This article is from the Australian Property Journal archive
CONTINUED weakness in the United States retail environment has hampered Macquarie DDR Trust.
MDT recorded interim core earnings of $A14.5 million in the six months to December 31 2009 – a fall of 65.3% when compared to the previous first half year result of $A41.8 million.
The trust’s net property income fell 30.1% to $US48.1 million and shopping centre net property income declined 18.3% to $US49.6 million.
The trust made a statutory net loss of $8.7 million, taking into account certain unrealised, non-cash or non-recurring items including asset valuation movements.
But CEO Luke Petherbridge said the US retail environment is showing signs of recovery with leasing activity during the period remaining healthy.
As at December 31 2009, the Trust’s core shopping centre portfolio, consisting of 49 assets covering 11.0 million sqft, was 89% leased and the weighted average lease maturity was 5.1 years. During the period, the trust successfully leased 560,245 sqft, or 5.1% of the portfolio.

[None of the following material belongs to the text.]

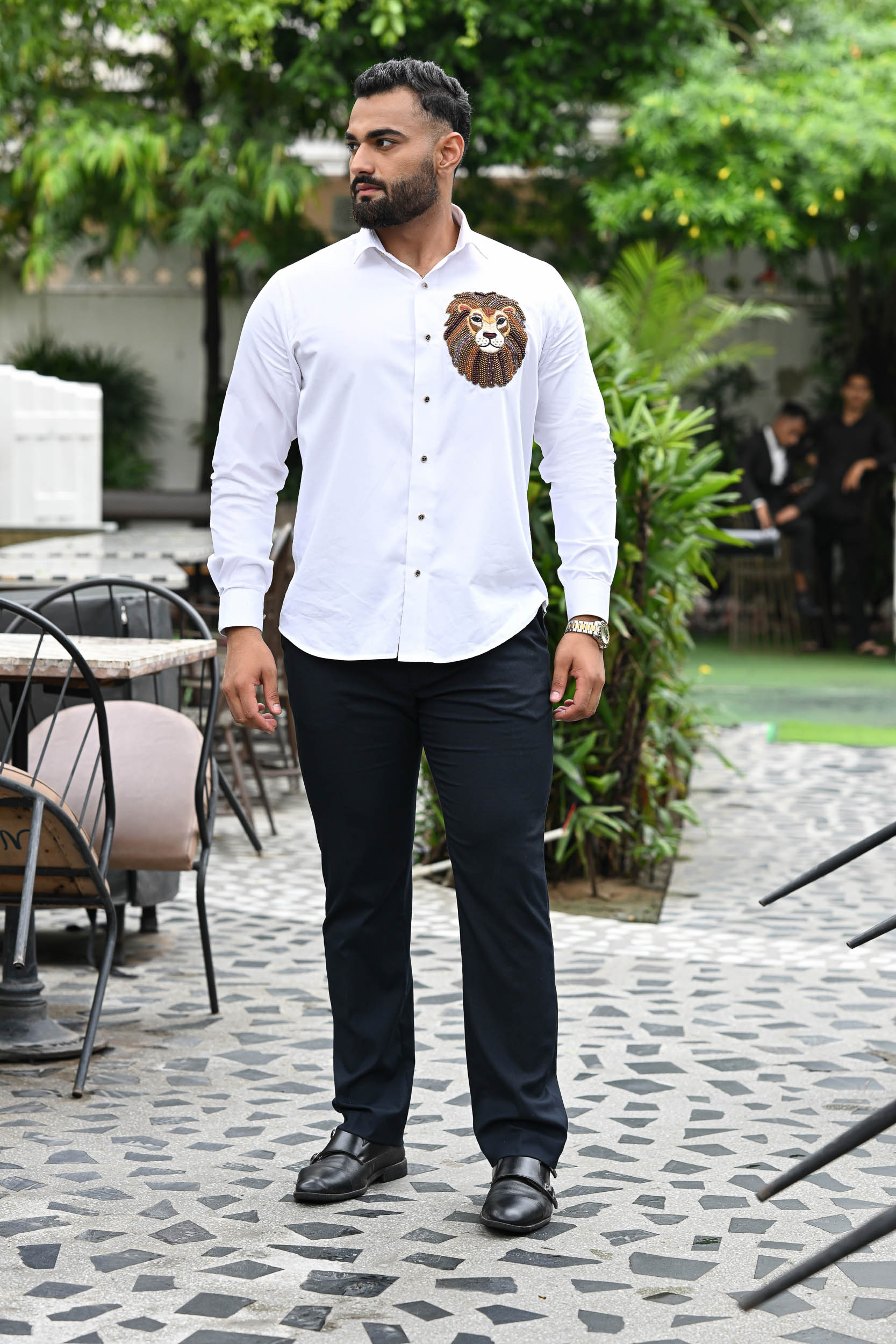 The shirt boasts an intricate beaded lion face, radiating strength and confidence. Rich shades of gold, brown, and amber beads create a lifelike mane full of depth and texture. Fine embroidery highlights the lion’s expressive eyes and facial details. The shimmering beadwork catches light, adding a luxurious dimension to the design. This piece blends bold animal symbolism with elegant craftsmanship for a powerful fashion statement.

The weighted average rental decrease on new leases and renewals was 12.7%. Although rental rates on new leases are at lower levels than that paid by prior tenants.
The ex-Mervyns portfolio consists of 31 assets comprising 2.4 million sqft and remains 6.4% leased at December 31 2009.

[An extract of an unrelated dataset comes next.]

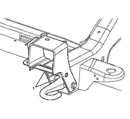 4. Align the replacement bracket lower bolt holes with tow hook mounting locations and install the bolts (1) supplied.

Meanwhile asset revaluations resulted in a 1.6% decrease in portfolio value to $US1.43 billion, down from $US1.45 billion as at June 30 2009. The movement in portfolio value is the result of a softening of the weighted average capitalisation rate from 8.6% to 8.9%.
Petherbridge said MDT has started discussions with the CMBS special servicer for the $US145.1 million loan maturing on April 05 2010 seeking to extend this facility in advance of its maturity date.

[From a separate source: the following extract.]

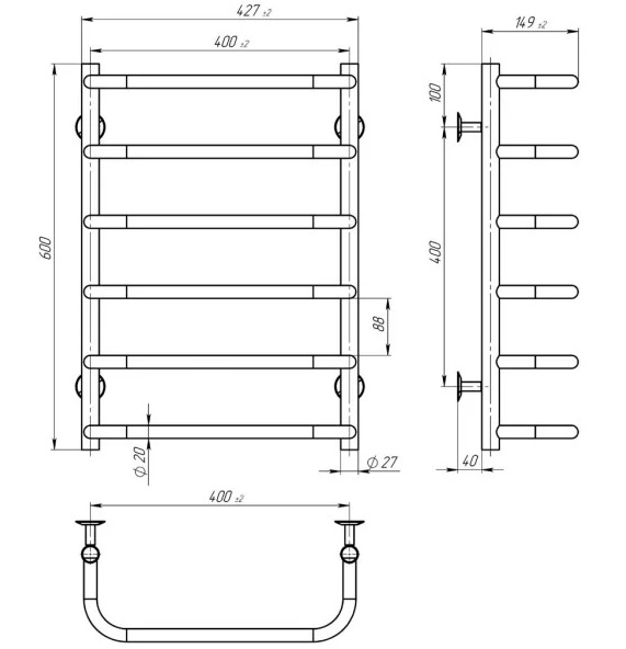 Електрична сушарка для рушників Deffi Стандарт П6 400х600 ліве підключення EF16 чорний D.SS.60.40.6.E.B.L.5

“Despite relatively solid operational performance, the trust still faces significant challenges due to its capital and funding positions.
“We will continue to work on improving our position, and management remains in discussions with several of its counterparties and lenders to restructure their covenants and extend maturity dates of near-term debt facilities,” Petherbridge said.